On 16 June 2017, the Court of Amsterdam refused to approve the settlement reached in a Dutch mass claims procedure between Ageas (Fortis’ legal successor) and four claimant organisations (VEB, Deminor, SICAF and Stichting FortisEffect) concerning allegedly false or misleading statements by Fortis during the financial crisis in 2007 and 2008. The €1,2 billion settlement was the largest of its kind in Europe. The main rationale for the court’s decision?
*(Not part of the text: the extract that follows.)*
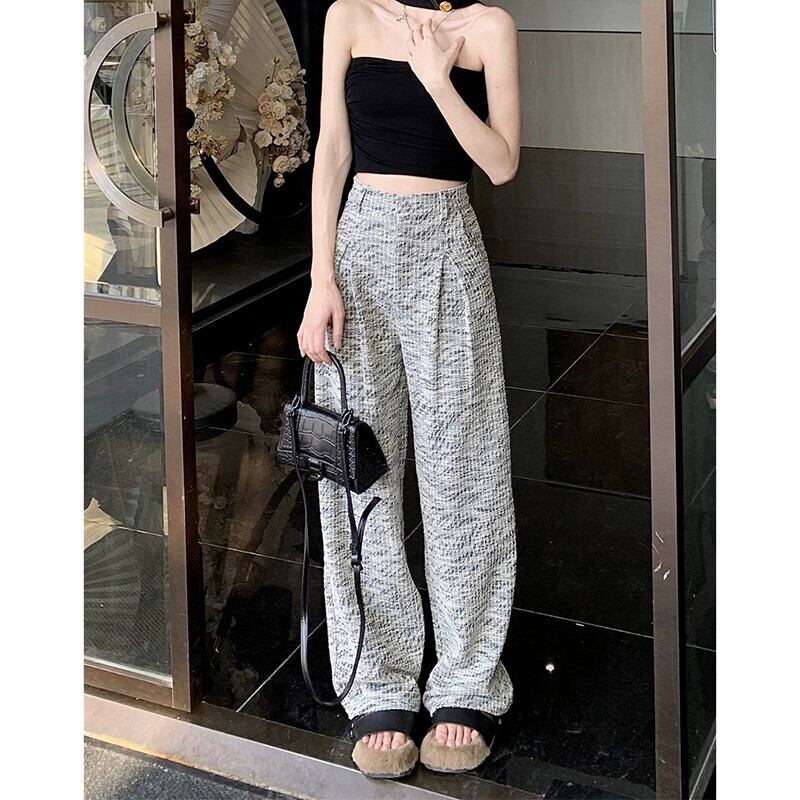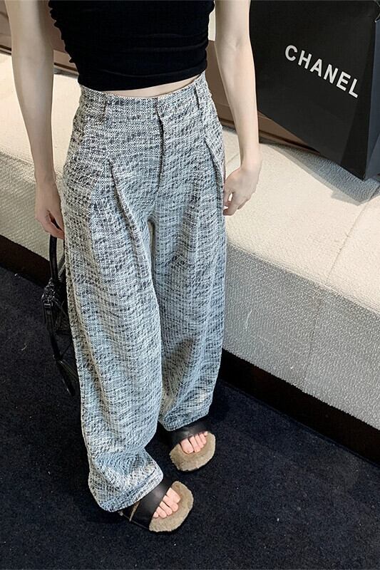 ツイードチェック柄ワイドレッグパンツ女性秋バージョン 2023 新しいハイウエスト痩身デザインフロアレングスカジュアルパンツ オータム 秋物 missk18003756245

The court held that the distinction in compensation between “Active Claimants” (those who filed a legal procedure or registered with any of the claimant organisations) and “Non-Active Claimants” (those who didn’t) was unjustified and that the fees for claimant organisations were exorbitant.

This means that Ageas and the claimant organisations will have to renegotiate their settlement agreement and address the concerns of the Court, if they want to have an agreement that is binding on all potential claimants.

The facts

Ageas NV/SA is a Belgian company that is mainly active in insurance. It is also the legal successor of Fortis, a Dutch/Belgian group that was active in banking and insurance, after a restructuring that was caused by the financial crisis.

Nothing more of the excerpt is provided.